A focused web crawler is a web crawler that looks for pages
about a given topic, or that match some externally provided criteria.
For example, it might only retrieve pages about basketball. In this
project, you'll build a focused web crawler and experiment with two
different methods for telling it what the user is interested in.
We can describe a web crawler as a search agent, and use any of the
algorithms we've studied so far. For example, an unfocused web crawler
might choose to use breadth-first search. Our focused crawler will
instead use a form of best-first search, where we put a
priority on exploring hyperlinks that look to be promising.
In a nutshell, the focused crawler will work as follows:
- Begin with a 'seed page' provided by the user.
- Enqueue this page.
- While not done:
- Dequeue a page and fetch each of the pages it links to.
- For each newly fetched page:
- Extract its text and determine how good a match it is.

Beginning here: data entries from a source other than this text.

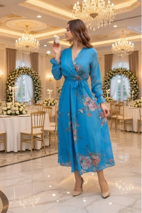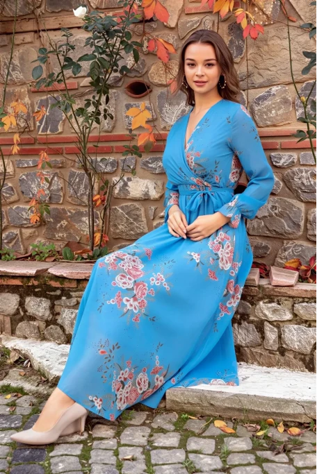 İnce Kuşak Mavi Çiçekli Uzun Şifon ElbiseÜrünün uzunluğu 140 cm'dir. (1-3 cm arası değişiklik gösterebilir.)Ürünün kol uzunluğu 60 cm'dir. (1-3 cm arası değişiklik gösterebilir.)Modelin üzerindeki ürün S /36 bedendir.Modelin Ölçüleri: Boy: 1.65, Kilo: 53,Kumaş Türü: ŞifonÜrün astarlı ve kemerli olarak tasarlanmıştır.geniş kalıptır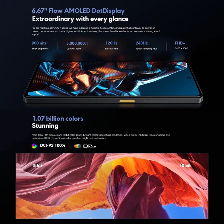 2. 6.67 inch flow AMOLED dot display full screen, DCI-P3 wide color gamut, 2400 x 1080 pixels resolution FHD+ display, 120Hz refresh rate, multi-touch capacitive touchscree. Support sunlight display, reading mode.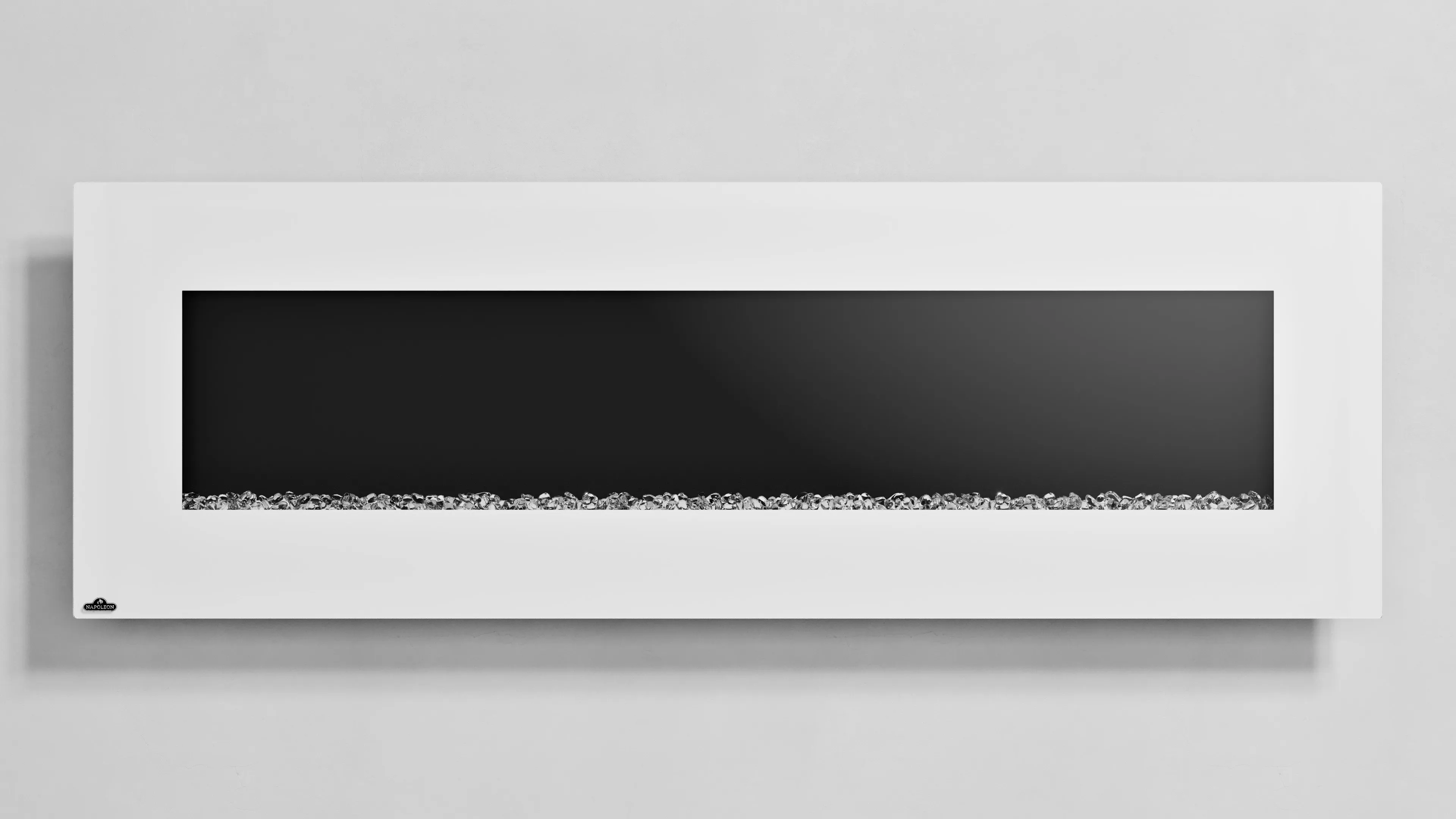 Crisp, neutral-background angles highlighting the rectangular white frame, black glass viewing area, and the ember/crystal bed—built for e-commerce PDPs, catalogs, and distributor materials.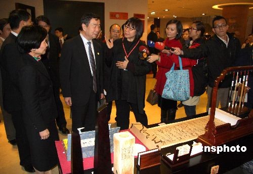 圖為鄭欣淼(左二)在臺(tái)北故宮博物院院長周功鑫(左一)的陪同下,參觀臺(tái)北故宮博物院禮品部,并觀賞依據(jù)唐懷素自敘帖制作的禮品。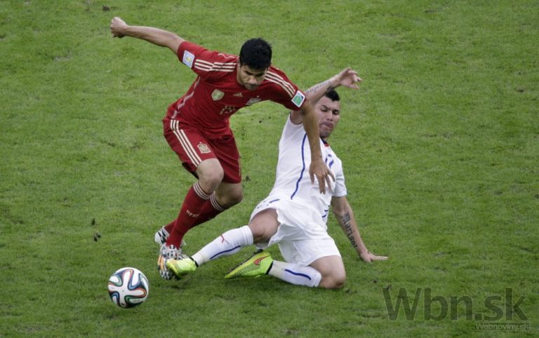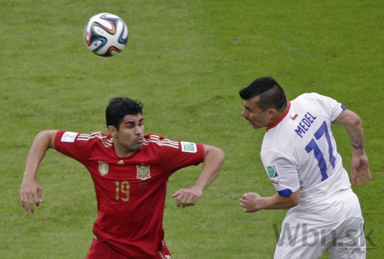 Čiľan Gary Medel v súboji so španielskym futbalistom Diegom Costom počas stredajšieho zápasu B-skupiny na svetovom šampionáte v Brazílii. Foto: SITA/AP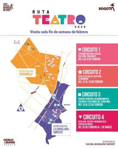 Desde el 5 de febrero, cada fin de semana se activarán cuatro circuitos teatrales en Distritos Creativos ofreciendo una programación cultural permanente. Para esta ocasión, el circuito Teusaqui Red Viva – Escena cultural itinerante tendrá lugar con sus distintos espacios de Artes Vivas.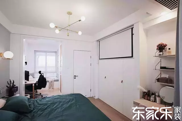 床頭靠窗的區(qū)域,被設(shè)計成小書房,簡單的擺放一張書桌和椅子,小小的空間作為娛樂辦公來使用,非常實用,臥室沒有擺放電視的空間,所以裝了一個投影儀,休閑時間可以看看電影也是不錯的選擇。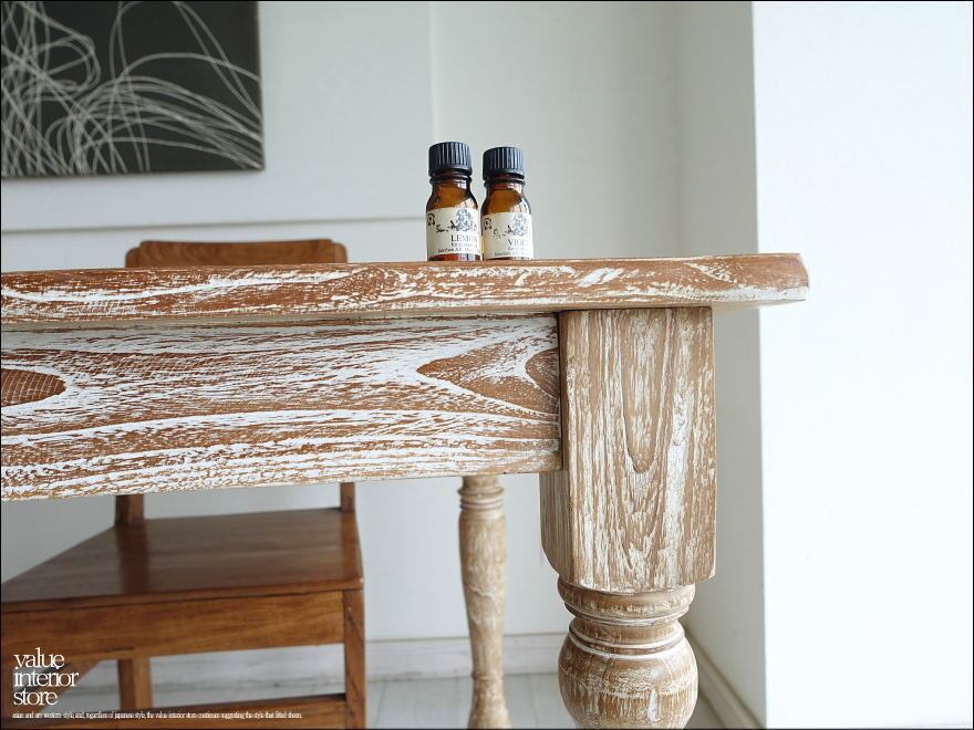 ◇日本製のような正確さは無いかもしれませんが、1点1点出来上がるまでの殆どの製作工程を手作業で行う、インドネシア家具職人たちの手づくり製法はとても暖か味が感じられます。細かな傷、ひび割れやフシ穴、お色の濃淡、また反りなどの無垢材特有の”暴れ”や修理痕が見受けられる場合がございますが、無垢材の素材や特徴、また手づくりのテイストとして工業品にはない自然の質感をお楽しみ下さい。(*オールドチークは素材上、凹凸などが見受けられますが、著しい場合は埋め直している場合がございます。)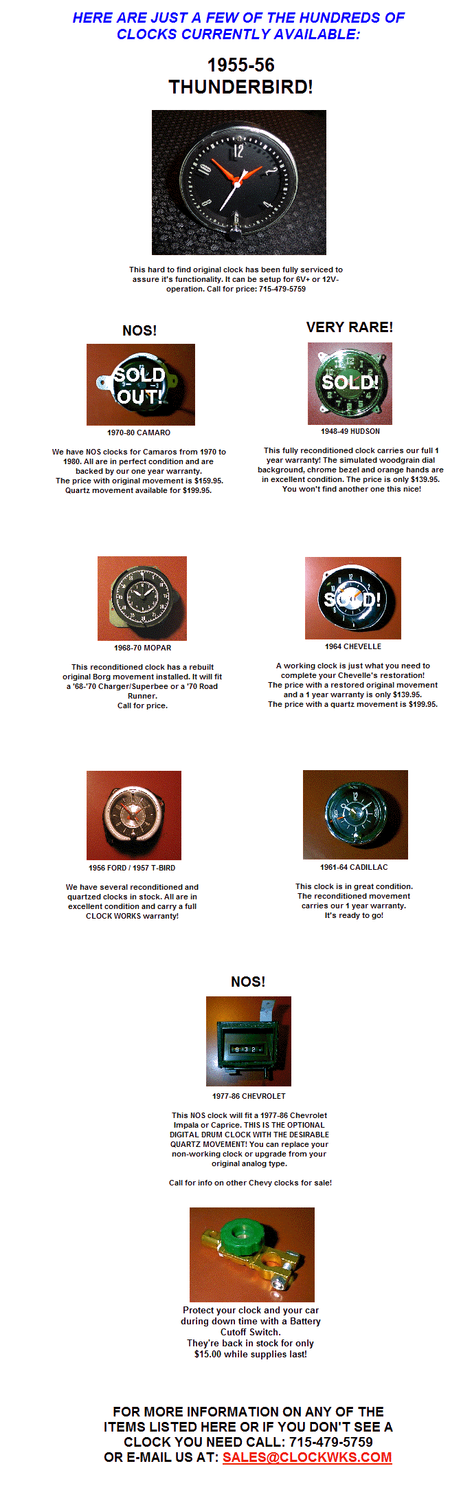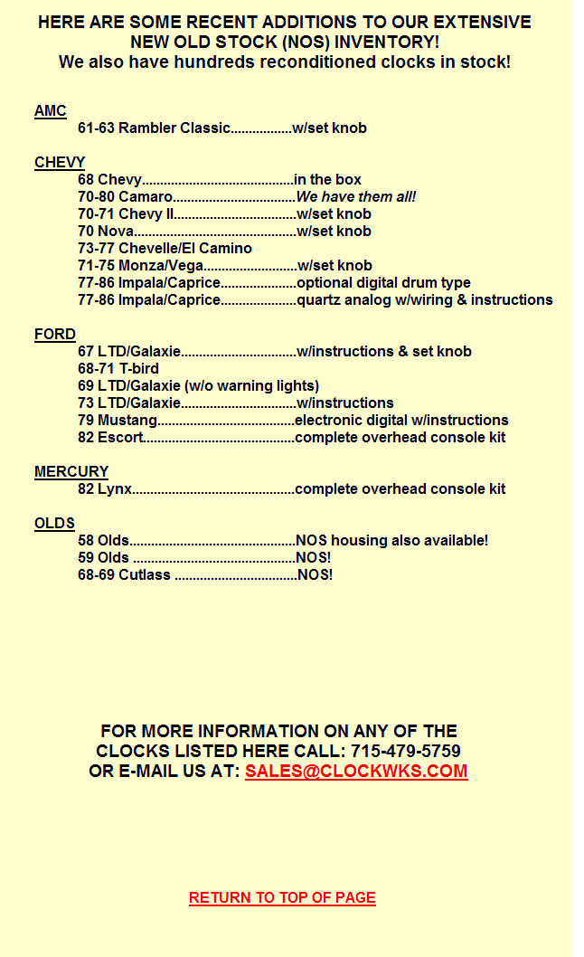 movements. We may have a clock for your car. Call: 715-479-5759.

- Enqueue the new pages according to priority; better matches will
go at the front of the queue.
Each of the subtasks are described below, along with the points that
that task is worth. Within a task, we'll assign 75% of the points
based on functionality (how well does your code work? Does it do what
it's supposed to?) and 25% of the points based on style. (Is your code
commented? Is it readable? Is it efficient? etc.) For parts 3 and 4,
answering the questions will count as part of the 'style' grade.
You should turn in the following:
- A hard copy of your code.
- Place a copy of your code in the submit directory.
- Turn in a 1-2 page document explaining how to run your agent and
answering the questions at the end of parts 3 and 4. (note: we should
be able to run your agent for all configurations and scorers
without modifying your code at all. "comment out these lines
and uncomment out these other lines" is not a sufficient user interface.)
Late penalties will be subtracted from the final score. Since the
project is worth 100 points, one day late is a loss of 10 points.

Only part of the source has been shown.